[Records contained in a dataset]
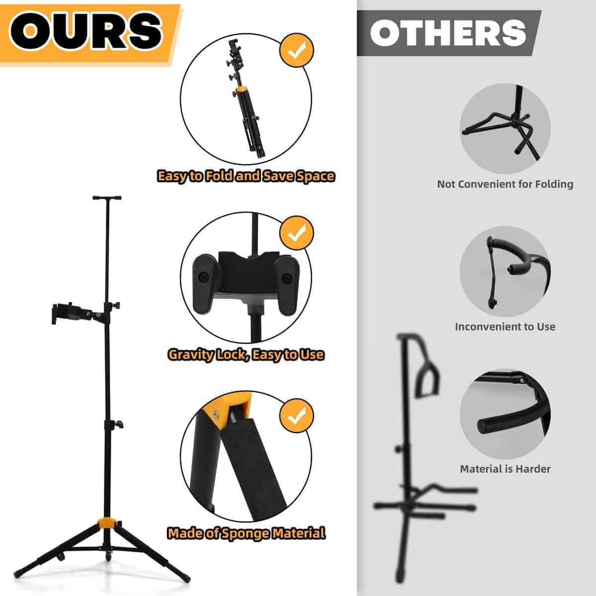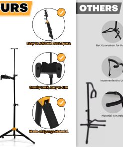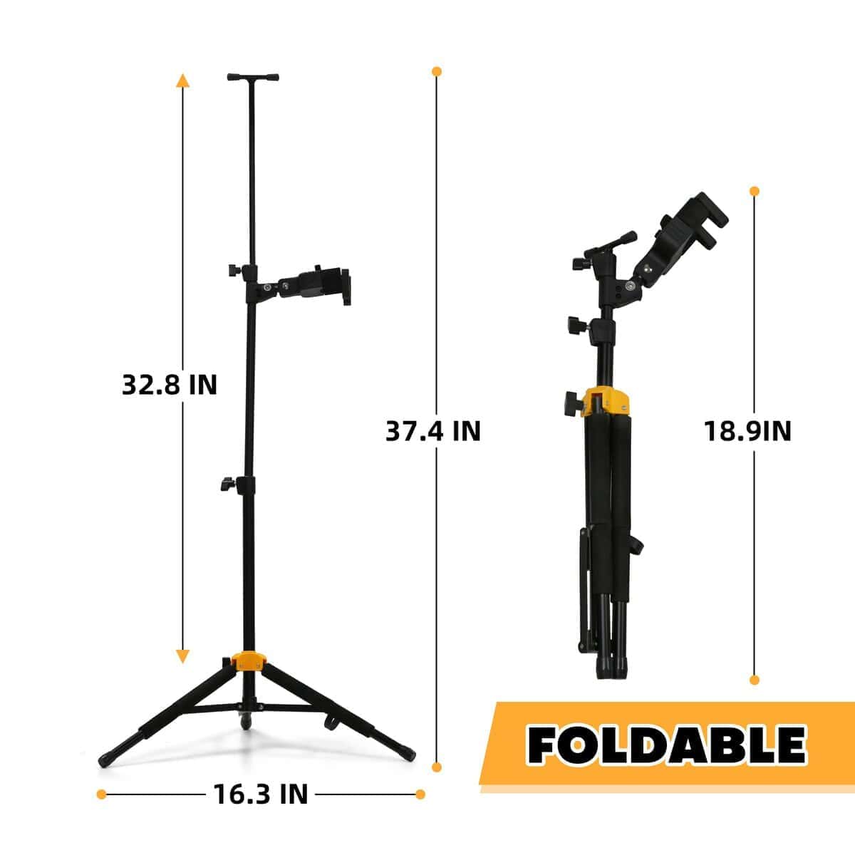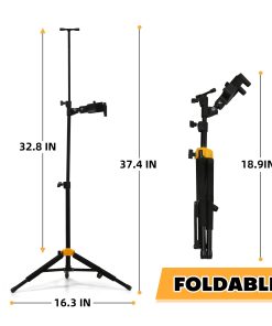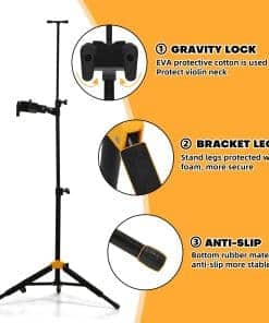 1. Bloqueo por Gravedad Automático: El cabezal de nuestro soporte para violín adopta el diseño de bloqueo por gravedad automático. Después de colocar el violín, el cabezal se bloqueará automáticamente y asegurará el violín. Es conveniente y rápido sin ajuste manual. La base del soporte para violín con soporte para arco adopta un diseño triangular, lo que proporciona una mayor estabilidad. 2. Protección Integral: La parte donde el soporte para violín contacta con el mástil del violín está hecha de espuma suave y cómoda para asegurar que su violín no se raye. La parte donde las patas del soporte para violín están en contacto con el violín tiene espuma cómoda para protegerlo. El instrumento proporciona protección integral y está equipado con almohadillas de goma antideslizantes, lo que aumenta la estabilidad y seguridad del suelo del soporte de guitarra. 3. Tamaño Ajustable: El soporte para violín tiene tres perillas ajustables en todo el cuerpo para ajustar la altura según sus propias necesidades. Puede soportar la colocación de un arco de hasta 37.8IN, y la distancia máxima desde el suelo es de 37.4IN; hay un área en forma de U debajo para el soporte de ukulele. El arco no se balancea de izquierda a derecha cuando está en reposo; los accesorios para violín solo tienen 18.9IN después de plegarse, lo que lo hace muy conveniente de llevar. 4. Material de Alta Calidad: El soporte para violín con soporte para arco está hecho de materiales compuestos de alta calidad, que son impermeables, resistentes a la corrosión y duraderos. Las partes en contacto con el soporte para violín están envueltas en espuma suave, proporcionando a su violín protección integral. 5. Elección de Regalo Ideal: Nuestro soporte para ukulele puede mostrar su ukulele y violín en el estudio de música, la sala de estar y la tienda de pianos; puede elegir este soporte para violín con soporte para arco como regalo para aquellos que poseen ukuleles y violines u otros instrumentos musicales pequeños como regalos de Navidad/Año Nuevo/Día de Acción de Gracias para amigos o familiares.
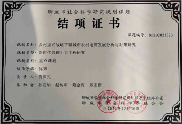 近日,聊城市哲学社会科学研究规划领导小组办公室、聊城市社科联组织召开了2022年度聊城市社会科学研究课题结项评审会议,龙8-long8(中国)唯一官方网站教师承担的《乡村振兴战略下聊城市农村电商发展分析与对策研究》重点课题获评结题“优秀”等级,获得经费支持;《数字经济下农产品供应链创新发展路径研究》、《新媒体环境下青年干部意识形态工作能力提升研究》两项课题获评结题“合格”等级。
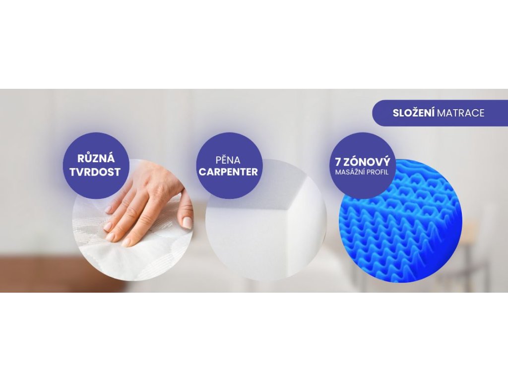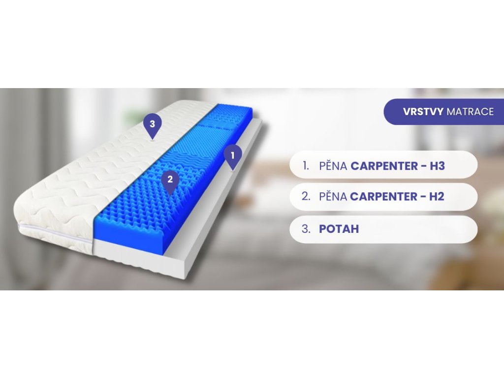 Pěna Carpenter s tvrdostí H3 a 7 zónovým masážním profilem
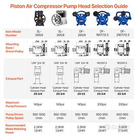 • Venditori Affidabili di Esperienza • Spediamo ovunque, anche in Contrassegno • Vendiamo solo articoli Nuovi di prima qualità • Contattaci per qualsiasi info necessaria 【STRUTTURA ROBUSTA】 - Il cilindro della nostra pompa del compressore d'aria a 2 stadi, con la camicia del cilindro in ghisa, presenta materiale in ghisa al boro. Il suo guscio è di una struttura in alluminio pesante, resistente e di facile manutenzione. 【DESIGN A DOPPIO CILINDRO】 - La pompa del compressore d'aria, che adotta due cilindri in ghisa e una testata con tecnologia di pressofusione, ha una forte funzione di dissipazione del calore e funziona in modo stabile e silenzioso. 【FUNZIONAMENTO SEMPLICE】 - Grazie alla biella dell'albero motore di alta qualità della macchina a pistoni e al collaudato design della trasmissione a cinghia, costruita con una forte resistenza all'usura, buone prestazioni di compressione e funzionamento regolare. 【DESIGN SCIENTIFICO】 - Con cuscinetto a rulli conici, anello del pistone con cuscinetto a rullini ed elementi di controllo, il nostro compressore ha un'elevata capacità portante. C'è anche una finestra di visualizzazione dell'olio per osservare la quantità di olio in tempo reale. È conveniente per il rifornimento. 【AMPIA APPLICAZIONE】 - Questa pompa compressore bicilindrico da 12cfm è una pompa monostadio a 2 cilindri di alta qualità adatta per l'uso con motori elettrici e motori a benzina da 6,5 hp. È ideale per la decorazione interni, la fonte di alimentazione di apparecchiature pneumatiche, la riparazione e la manutenzione di apparecchiature e altri settori.
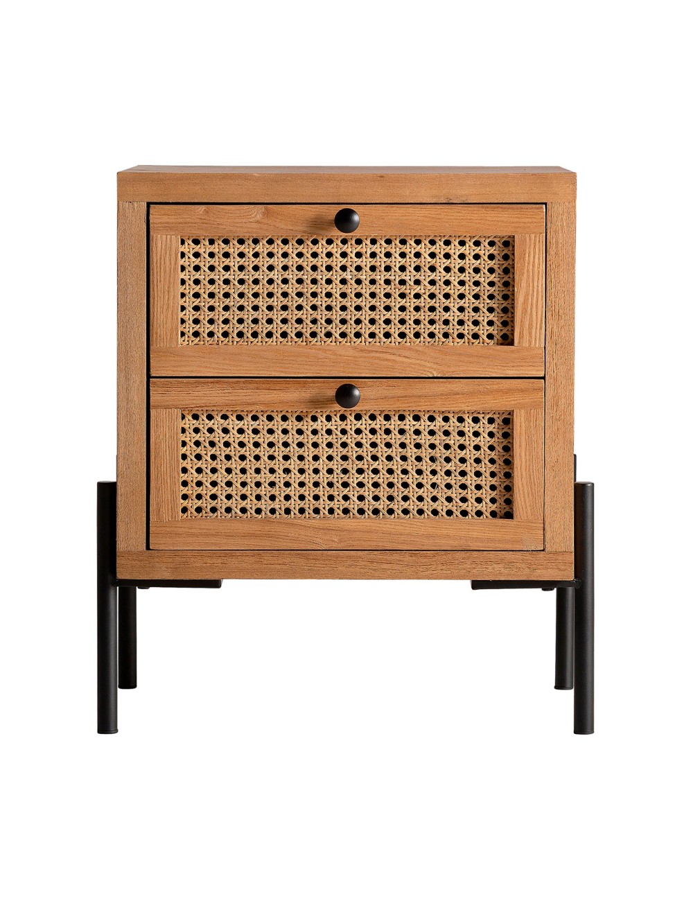 Mesita de noche cuadrada zetel de estilo contemporáneo, fabricado en madera dm en color marrón, combinado con ratán y hierro. Producto desmontable. | Mesita de noche rectangular doazit, en color marrón claro, de estilo nórdico. Fabricado en madera de abeto, combinado con madera dm. Producto desmontable. | Mesita de noche cuadrada brussa de estilo contemporáneo, fabricado en madera dm en color marrón, combinado con hierro en color negro. |
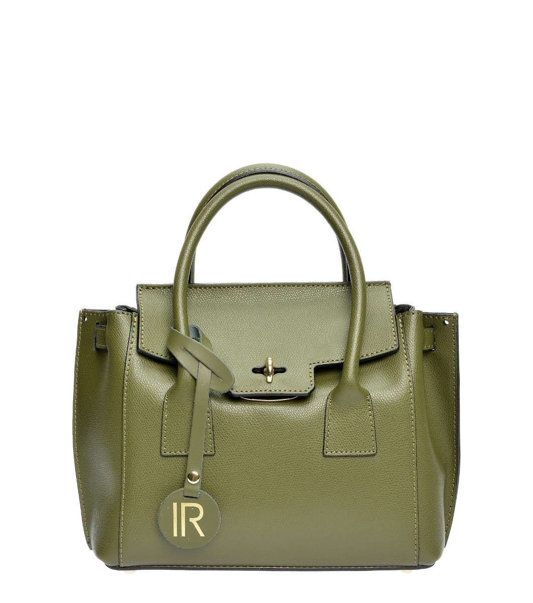 Isabella Rhea Geantă elegantă de damă din piele naturală de culoare verde Monic Două mânere scurte fixe 23 cm
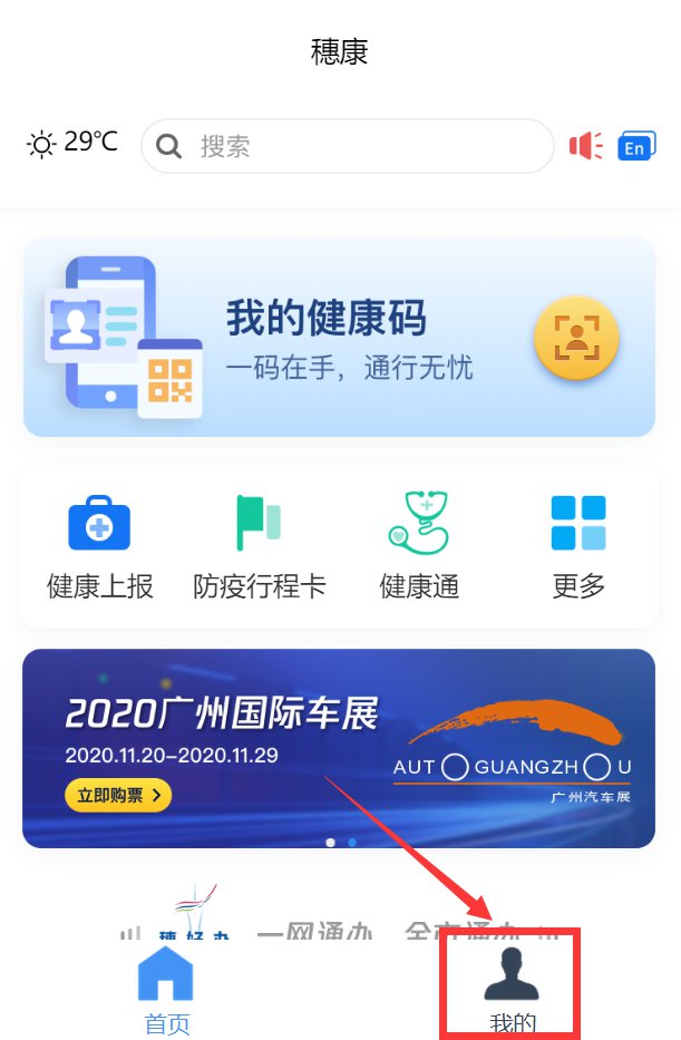 1、打开“穗康”小程序,点击右下角“我的”。
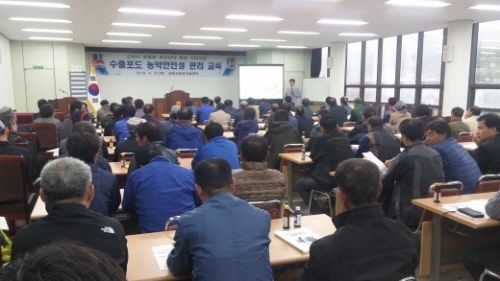 김천시가 수출국 맞춤형 포도의 안전생산 및 경쟁력 향상을 위해 21일 새김천농협 회의실에서 GAP거봉수출공선회 150명을 대상으로 수출포도 농약안전성 관리 교육을 실시했다.
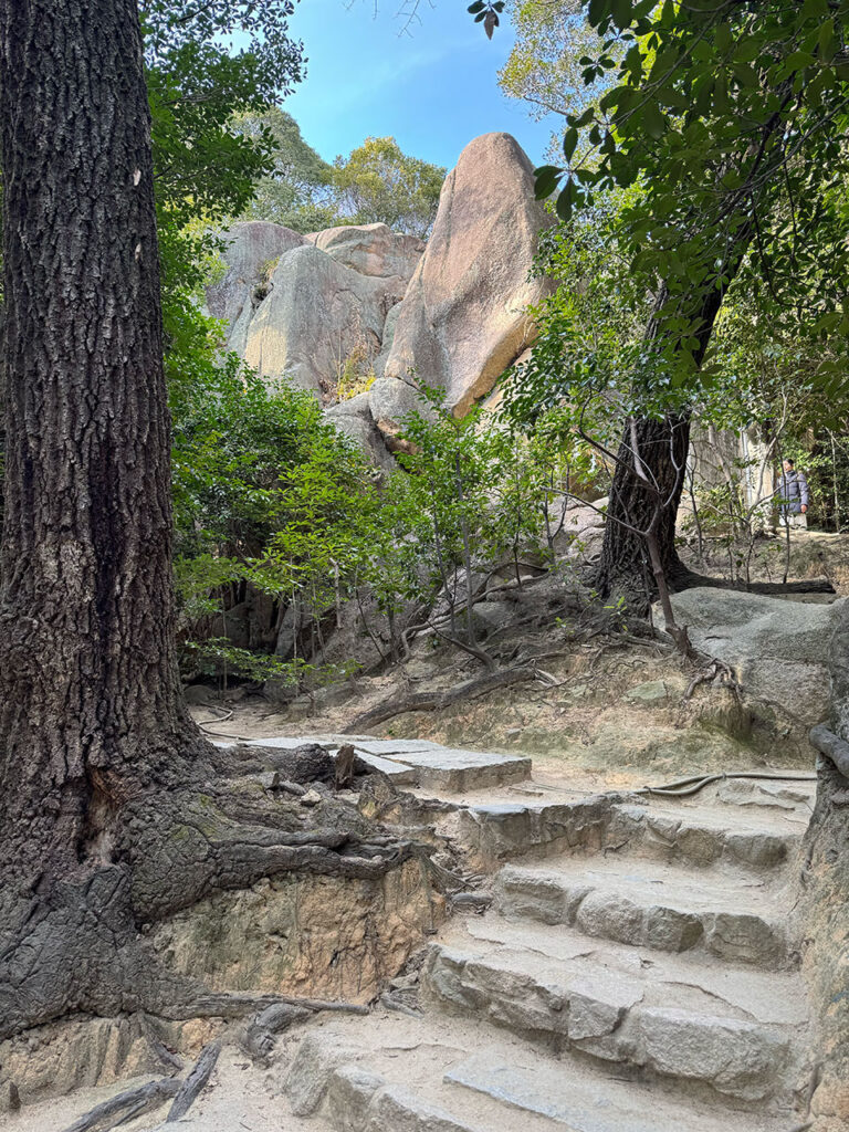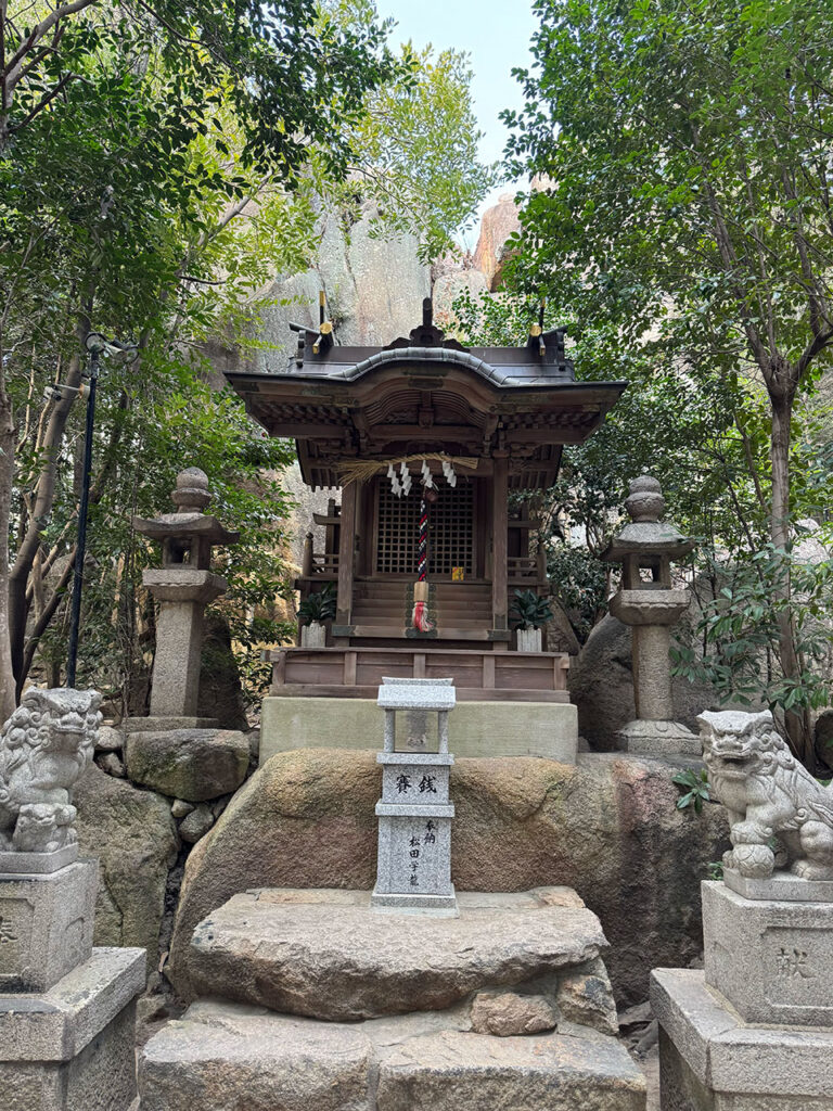 本殿の奥に進むと、緩やかな山道が続き、越木岩神社のご神体「甑岩(こしきいわ)」が現れる。高さ約10~12メートル、周囲約40メートルもある大きな岩。「岩を祀っている」というより、「岩の前に、神社が後から作られた」感じ。沖縄の斎場御嶽みたい。日本に古くからある自然崇拝(精霊崇拝・アニミズム)って通じるものがあると思う。

Work item:
Only the lines from the line with "Mesita de noche cuadrada zetel" through the end of the entries above, copied exactly and with both ends included, belong in the response; the pictures do not.

Response to this task:
 Mesita de noche cuadrada zetel de estilo contemporáneo, fabricado en madera dm en color marrón, combinado con ratán y hierro. Producto desmontable. | Mesita de noche rectangular doazit, en color marrón claro, de estilo nórdico. Fabricado en madera de abeto, combinado con madera dm. Producto desmontable. | Mesita de noche cuadrada brussa de estilo contemporáneo, fabricado en madera dm en color marrón, combinado con hierro en color negro. |
 Isabella Rhea Geantă elegantă de damă din piele naturală de culoare verde Monic Două mânere scurte fixe 23 cm
 1、打开“穗康”小程序,点击右下角“我的”。
 김천시가 수출국 맞춤형 포도의 안전생산 및 경쟁력 향상을 위해 21일 새김천농협 회의실에서 GAP거봉수출공선회 150명을 대상으로 수출포도 농약안전성 관리 교육을 실시했다.
 本殿の奥に進むと、緩やかな山道が続き、越木岩神社のご神体「甑岩(こしきいわ)」が現れる。高さ約10~12メートル、周囲約40メートルもある大きな岩。「岩を祀っている」というより、「岩の前に、神社が後から作られた」感じ。沖縄の斎場御嶽みたい。日本に古くからある自然崇拝(精霊崇拝・アニミズム)って通じるものがあると思う。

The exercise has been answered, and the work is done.